— Ваше мнение, фельдмаршал? — резко спросил Гитлер.
— У меня нет слов, чтобы возразить против столь блестящего плана, — вопреки своим намерениям возражать, поспешно проговорил Манштейн. — Только одно предложение, — секунду помолчав, добавил он. — Наступление на Курск нужно начать как можно раньше. Не дать русским оправиться от зимней кампании, не дать им пополнить и обучить войска, подвезти оружие и боеприпасы, застать их врасплох.
— Это весьма важно, — согласился Гитлер, — застать врасплох и разгромить молниеносным ударом! Наступление назначить на первые числа мая!
После доклада о необходимости отказаться от упреждающего удара на белгородско-харьковском направлении и всеми силами Центрального и Воронежского фронтов создать мощную оборону на Курском выступе генерала Решетникова срочно вызвали в Москву. В четверг утром Бочаров проводил его на аэродром и вернулся к себе. В штабе фронта по-прежнему шла невидимая для постороннего глаза упорная работа. Особенно тревожно и напряженно было в разведывательном управлении штаба. В последнее время никакими средствами новых сведений о противнике добыть не удавалось. Бдительность противника на фронте резко повысилась. Каждую ночь десятки разведывательных групп и партий на всем огромном пространстве Курского выступа, пытаясь проникнуть в расположение противника, неизменно натыкались на плотный огонь и засады. Густые туманы и низкая облачность сковали действия авиации, и летчики, даже решаясь на пагубные бреющие полеты, не могли рассмотреть, что творилось в стане врага. Никаких результатов не давало и радиоподслушивание. Все фронтовые радиостанции гитлеровцев, как по единой команде, прекратили работу. К этому же времени порвалась связь почти со всеми партизанскими соединениями и отрядами. Гитлеровцы бросили против советских партизан, кроме полевой жандармерии, полиции и карательных отрядов, регулярные войска с танками, артиллерией и авиацией. В лесах, окружающих Курский выступ, и на захваченной врагом Орловщине разгорелась настоящая битва. Только из глубинных партизанских районов Белоруссии и Прикарпатья, где действовали отдельные партизанские соединения и отряды, через Москву поступали отрывочные сведения о непрерывном движении немецких воинских эшелонов к линии фронта. Но этих сведений было слишком мало. Нужно было выяснить и определить, куда двигались эти эшелоны и где разгружались, что в них перевозилось, какие конкретные планы замышляет и вынашивает гитлеровское командование. Но ответы на эти вопросы можно было получить только непосредственным наблюдением за вражеским расположением и через опросы военнопленных. В пятницу утром начальник разведки фронта отдал всем своим подчиненным категорический приказ: любой ценой добыть пленных! Но прошла пятница, суббота, наступило воскресенье, а ни одного гитлеровца в плен захватить не удалось. Как и раньше, разведчики натолкнулись на вражеский огонь и вернулись ни с чем.

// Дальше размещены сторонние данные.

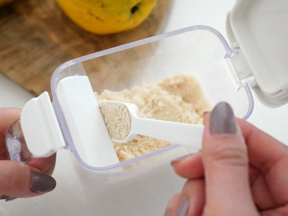 付属の小さじ1(5ml)のスプーンを使い、かんたんに量れます。

Не было никаких известий и от генерала Решетникова. Ожидая его, Бочаров никуда не отлучался и все время находился то в управлениях штаба фронта, то у себя на квартире. Беспокойные мысли, что будет дальше, что замышляет и готовит противник, так властно овладели его сознанием, что даже во сне он видел то потоки вражеских воинских эшелонов, то рощи и села под Белгородом и Харьковом, сплошь забитые фашистской техникой, то самого фельдмаршала Манштейна в виде огромного усатого пруссака с жестоким взглядом и худым надменным лицом.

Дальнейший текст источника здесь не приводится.